:: WHAT TO WORK ON ::
Only text lines belong in the answer: the lines from the first one in the records through the line with "2010. 330(6005): 831-835;", copied exactly.

:: EXTRACTED RECORDS ::
◆ ◆ ◆ ◆ ◆ ◆ ◆

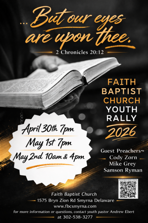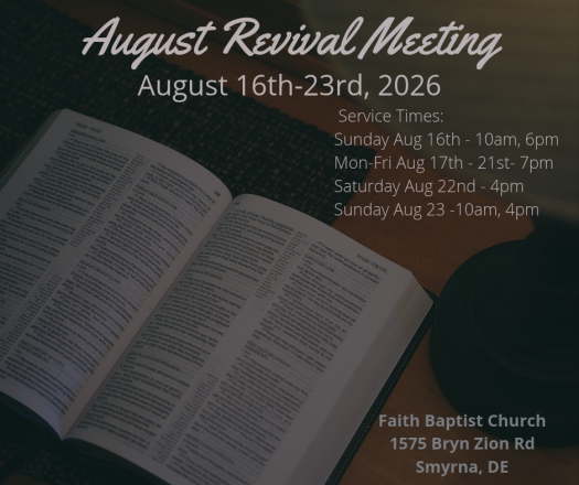 Our Revival meeting begins Sunday August 16, 2026 and ends Sunday August 23, 2026.
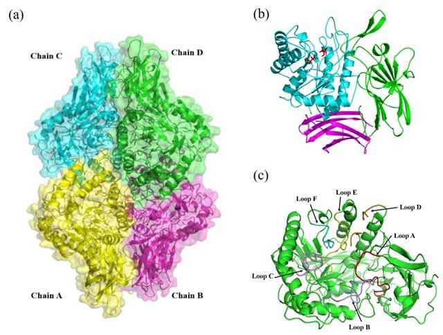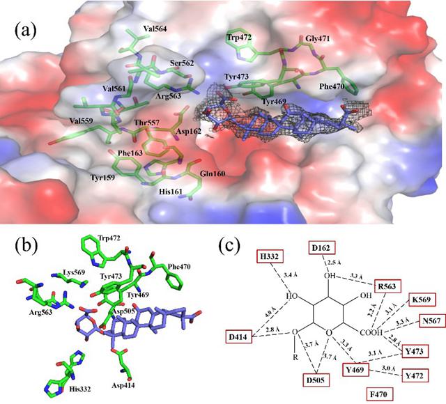 萜烯类糖苷化合物是一类重要的天然产物,因其具有重要的生物活性和药用价值被广泛地应用于医药、食品和精细化工等领域。相比化学合成糖苷存在立体选择性差、工艺复杂等问题,酶在催化合成糖苷过程中具有良好的立体选择性。β-葡萄糖醛酸苷酶(GUS)属于糖苷水解酶家族GH1,GH2和GH79家族,能特异性水解D-葡糖醛酸糖基与苷元之间的β-糖苷键,在代谢性疾病的诊断和药物开发中均有重要的应用。目前科学家已经发现并解析了来源于人和细菌的GUS酶的晶体结构(Science, 2010. 330(6005): 831-835; Nature Structural Biology, 1996. 3(4): 375-81),本课题组在国际上首次解析了来自真菌的β-葡萄糖醛酸苷酶的结构及其与天然底物的识别催化机制。
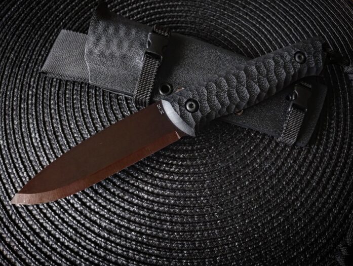 Już pewnie zwróciliście uwagę na grubości noża podaną w specyfikacji. Minimalne różnice niestety mogą powstać na skutek usuwania odwęglonej warstwy stali, która powstał w hucie. Pan Kamil podczas swojego procesu hartowania zabezpiecza już stal przed tym niepożądanym procesem. Dzięki tym wszystkim procesom zyskujemy nóż, który w każdej części ma taką samą twardość. Na rękojeści mamy dobrze znane G10, które jest naprawdę cenionym materiałem. Toxic, z którym mamy tutaj styczność, jest mim zdaniem dobrze zrobiony i nie powoduje negatywnych odczuć, nawet przy długiej pracy nożem.
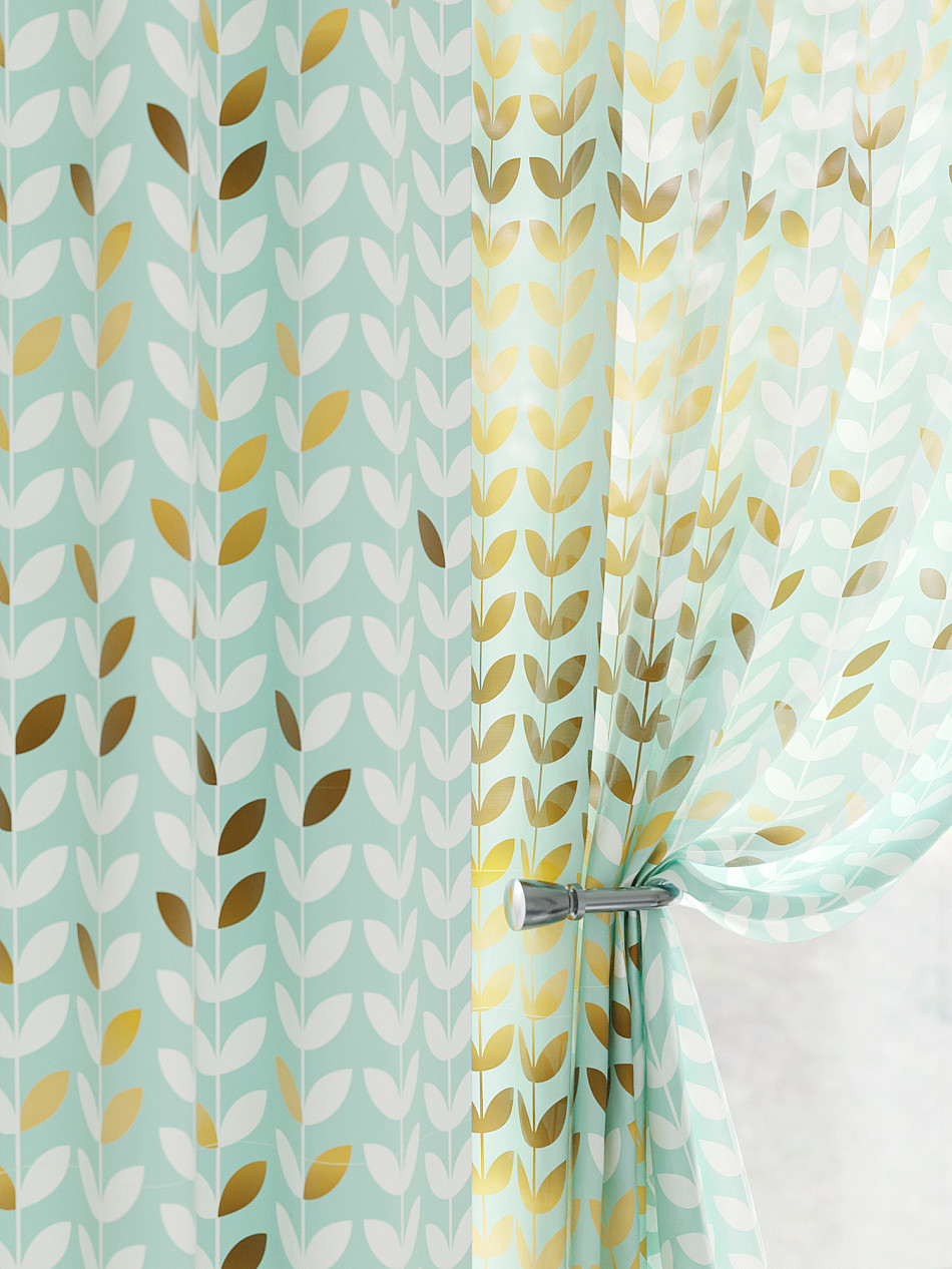 Тюль 2 шт.: Легкая основа (вуаль) оформлена флористическим рисунком. Ширина — 150 см., высота — 180 см., крепление — шторная лента (крючки).
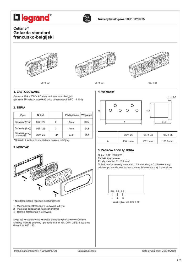 Numery katalogowe : 0671 22/23/25 Celiane TM Gniazda standard francusko-belgijski 0671 22 0671 23 0671 25 4. WYMIARY 1. ZASTOSOWANIE Gniazda 16A - 250 V AC standard francusko-belgijski (gniazda 2P należy stosować tylko do renowacji: NFC 15 100). 2. SERIA Podłączenie Waga (g) Opis Nr kat. Gniazdo 2P+Z 0671 22 2 Auto Gniazdo 2P+ Z 0671 23 3 Auto 94,6 Gniazdo 2P+ Z z blokadą 0671 25 4* Auto 96,6 60,5 *Gniazdo 4 krotne do montażu w puszce potrójnej. A 3. MONTAŻ 0671 22 0671 23 0671 25 116,1 mm 187,1 mm 180,6 mm 5. ZASADA PODŁĄCZENIA Nr kat. 0671 22/23/25 Zaciski sprężynowe Przyłączalność: 2 x 2,5 mm2 Odizolować prz ewody na odcinku 13 mm (długość odizolowanego odcinka prz ewodu jest zaznaczona na ścianie bocznej 1 produktu). * 1 2 3 L * Nie dostarczane razem z mechanizmem N Widok ztyłu nr kat. 0671 22 1 - Mechanizm zatrzasnąć w uchwycie od tyłu. 2 - Plakietkę zatrzasnąć na mechanizmie 4 - Ramkę zatrzasnąć w uchwycie Mogą być wyposażone we wszystkie elementy wykończeniowe Celiane. Możliwy montaż poziomy i pionowy dla nr kat. 0671 22/23 i poziomy dla nr kat. 0671 25. Instrukcja techniczna:: F00531PL/00 Data aktualizacji: Data ut worz enia: 22/04/2008 1 /2 Numery katalogowe : 0671 22/23/25 Celiane TM Gniazda standard francusko-belgijski 6. DZIAŁANIE Nr kat. 0671 22/23/25 Podłączeń dokonuje się poprzez włożenie/wyjęcie znormalizowanej wtyczki. 7. CHARAKTERYSTYKA OGÓLNA 7.1 Dane mechaniczne IP20 IK04 7.2 Charakterystyka materiału Nr kat. 0671 22/23/25 Mechanizm: polipropylen, szary Podstawa: poliwęglan, szary Odporność na wysoką temperaturę i żar: 850° C / 30 s 7.3 Parametry elektryczne Napięcie znamionowe: 250 V AC Prąd znamionowy: 16 A 7.4 Warunki środowiskowe - 5° C do + 35° C 8. CERTYFIKATY I DEKLARACJE Aktualne: Nr kat. 0671 22/23/25 NF - BBJ Instrukcja techniczna : F00531PL/00 Data aktualizacji: Data ut worz enia: 22/04/2008 2 /2
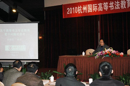 中国书法系杨锁强教授、杨晓萍讲师于2010年12月7日——8日,应邀参加了中国美术学院举办的杭州国际书法教育论坛。
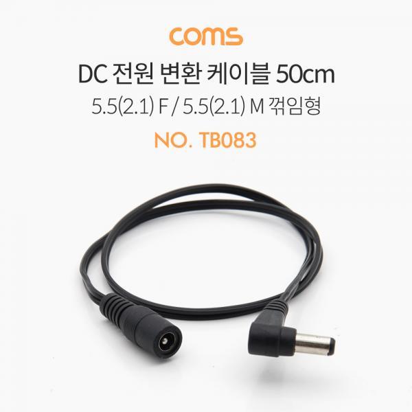 • [Coms] DC 전원 변환 케이블, 5.5(2.1) F / 5.5(2.1) M, 꺾임형(꺽임) 50CM [TB083]

◆ ◆ ◆ ◆ ◆ ◆ ◆

:: ANSWER SPACE ::
 Our Revival meeting begins Sunday August 16, 2026 and ends Sunday August 23, 2026.
 萜烯类糖苷化合物是一类重要的天然产物,因其具有重要的生物活性和药用价值被广泛地应用于医药、食品和精细化工等领域。相比化学合成糖苷存在立体选择性差、工艺复杂等问题,酶在催化合成糖苷过程中具有良好的立体选择性。β-葡萄糖醛酸苷酶(GUS)属于糖苷水解酶家族GH1,GH2和GH79家族,能特异性水解D-葡糖醛酸糖基与苷元之间的β-糖苷键,在代谢性疾病的诊断和药物开发中均有重要的应用。目前科学家已经发现并解析了来源于人和细菌的GUS酶的晶体结构(Science, 2010. 330(6005): 831-835; Nature Structural Biology, 1996. 3(4): 375-81),本课题组在国际上首次解析了来自真菌的β-葡萄糖醛酸苷酶的结构及其与天然底物的识别催化机制。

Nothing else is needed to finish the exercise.